Ilustrasi (sumber: dok.pribadi)
YOGYAKARTA (kabarkota.com) – Bercerita tentang sisi kehidupan keluarga Wiji Thukul, Film pendek berdurasi 16 menit berjudul Bunga Dan Tembok/ Flowers In The Wall screening di Singapura (8/10/2016), atas undangan National University Singapore (NUS) dalam forum “Bahasa Thukul dan Wiji Melawan”. Wacana sastra Indonesia, realita kehidupan Wiji Thukul sebagai sastrawan dengan puisi yang memiliki semangat perlawanan, dipersembahkan di NUS.
Film dari Elora Production ini disutradarai Eden Junjung dari Yogyakarta. Masih sedikitnya literatur tentang sudut pandang kehidupan keluarga Wiji Thukul, menjadi alasan pembuatan film.
Eden menceritakan awal mula mengenal Wiji Thukul dari membaca, kemudian ia mengenal Fajar Merah anak bungsu Wiji Thukul. Ia sering berkunjung ke rumah Fajar di Solo, sampai mengerti kondisi objektif keluarganya, hingga akhirnya meminta izin untuk memfilmkan.
“Aku kenal Fajar dan main kerumahnya, lalu kenal dekat dengan ibunya,” cerita Eden (10/10/2016).
Film ini dibuka dengan adegan ibu dan anak yang meminta bantuan orang pintar untuk mencari keberadaan Wiji dengan cara magic, namun keberadaan Wiji tidak ditemukan. Setelah Wiji Thukul menghilang, keluarganya mengalami kesulitan finansial.
Dyah Sujirah (istri Wiji Thukul) dan Fajar Merah anaknya mengurus surat kematian Wiji Thukul, sebagai syarat administratif mendapatkan pinjaman modal. Keluarga Wiji terpaksa membuat surat kematian, meskipun tidak yakin dengan kematian Wiji Thukul.
“Keluarga Wiji Thukul bertahan hidup pasca hilangnya Wiji, salah satunya dengan pinjam uang,” ungkapnya.
Pada tahun 2012, Fajar Merah berkicau di twitter dengan mengatakan bahwa yang membunuh ayahnya adalah ibunya sendiri. Maksud membunuh di sini adalah dengan membuat surat kematian Wiji Thukul, yang belum ditemukan bukti keberadaan atau kematiannya.
“Ini hal penting yang perlu diketahui publik. Saya riset dan nulis naskah dua tahun,” tutur Eden.
Pasca screening di Singapura, tambah Eden, ada permintaan karya Wiji Thukul untuk diterjemahkan ke dalam bahasa Inggris. Screeaning film di Singapura dihadiri para sastrawan-sastrawan besar Singapura seperti Suratman Markasan, Mohamed Latiff Mohamed, dan Jamal Ismail.
“Singapura ternyata memiliki arsip karya sastra Wiji Thukul di perpustakaan.

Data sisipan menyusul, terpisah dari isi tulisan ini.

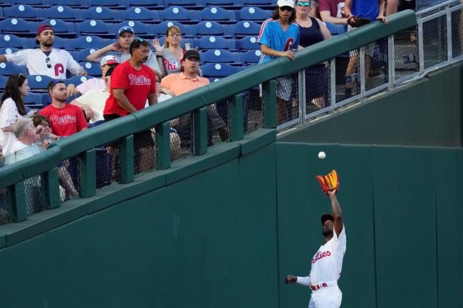 Philadelphia Phillies left fielder Andrew McCutchen catches a fly out by Miami Marlins' Trevor Rogers during the third inning of a baseball game, Tuesday, June 29, 2021, in Philadelphia. (AP Photo/Matt Slocum)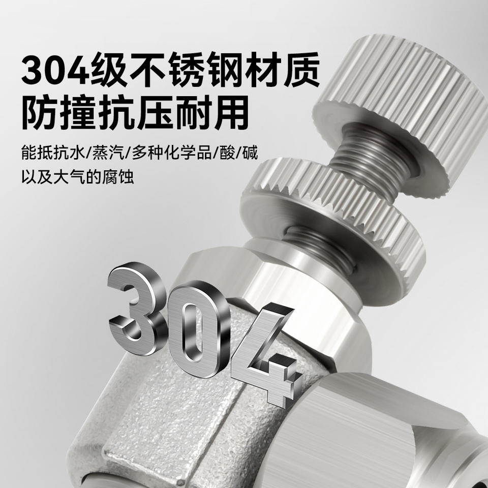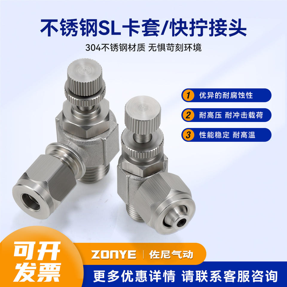 ข้อต่อลมนิวเมติกสแตนเลส 304 ทนความร้อนสูง ทนแรงดันสูง ทนการกัดกร่อน วาล์วควบคุมการไหลแบบหมุนเร็ว SL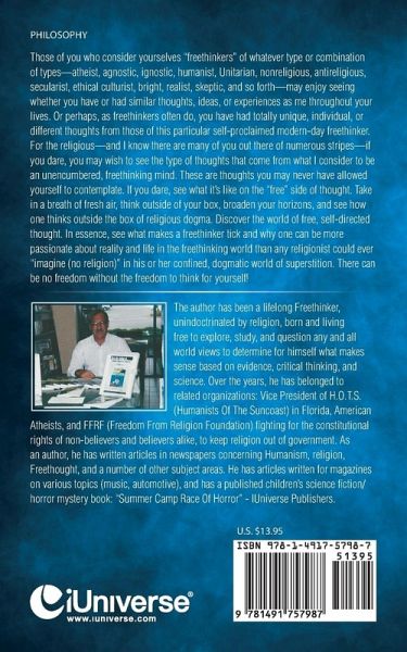 Those of you who consider yourselves "freethinkers" of whatever type or combination of types-atheist, agnostic, ignostic, humanist, Unitarian, nonreligious, antireligious, secularist, ethical culturist, bright, realist, skeptic, and so forth-may enjoy seeing whether you have or had similar thoughts, ideas, or experiences as me throughout your lives. Or perhaps, as freethinkers often do, you have had totally unique, individual, or different thoughts from those of this particular self-proclaimed modern-day freethinker. For the religious-and I know there are many of you out there of numerous stripes-if you dare, you may wish to see the type of thoughts that come from what I consider to be an unencumbered, freethinking mind. These are thoughts you may never have allowed yourself to contemplate. If you dare, see what it's like on the "free" side of thought. Take in a breath of fresh air, think outside of your box, broaden your horizons, and see how one thinks outside the box of religious dogma. Discover the world of free, self-directed thought. In essence, see what makes a freethinker tick and why one can be more passionate about reality and life in the freethinking world than any religionist could ever "imagine (no religion)" in his or her confined, dogmatic world of superstition. There can be no freedom without the freedom to think for yourself!

Mereka bahkan menginginkan karya Wiji Thukul diterjemahkan ke dalam bahasa Inggris,” kata Eden.
Karya film ini dibintangi oleh Erythrina Baskoro dan Landung Simatupang mengambil setting di Kulon Progo menelan dana kurang lebih 15-20 juta. Apresiasi yang didapat, tambah Eden, salah satunya adalah kolektor kesenian yang tertarik dan memberikan sebagian dana.
“Teman-teman tinggal di Yogya dan nggak dibayar makanya pilih lokasi di Kulon Progo. Yang penting kerangkanya sama,” ungkapnya.
Menurut Eden, film ini menginterpretasi puisi Wiji Thukul berjudul bunga dan tembok. Dari kasus hilangnya Wiji Thukul, Eden mengkritisi tindakan negara yang tidak serius dalam menyelesaikan kasus.
“Negara kurang memperhatikan keluarga korban penghilangan paksa dan tidak menindaklanjuti kasusnya hingga tuntas” pungkasnya.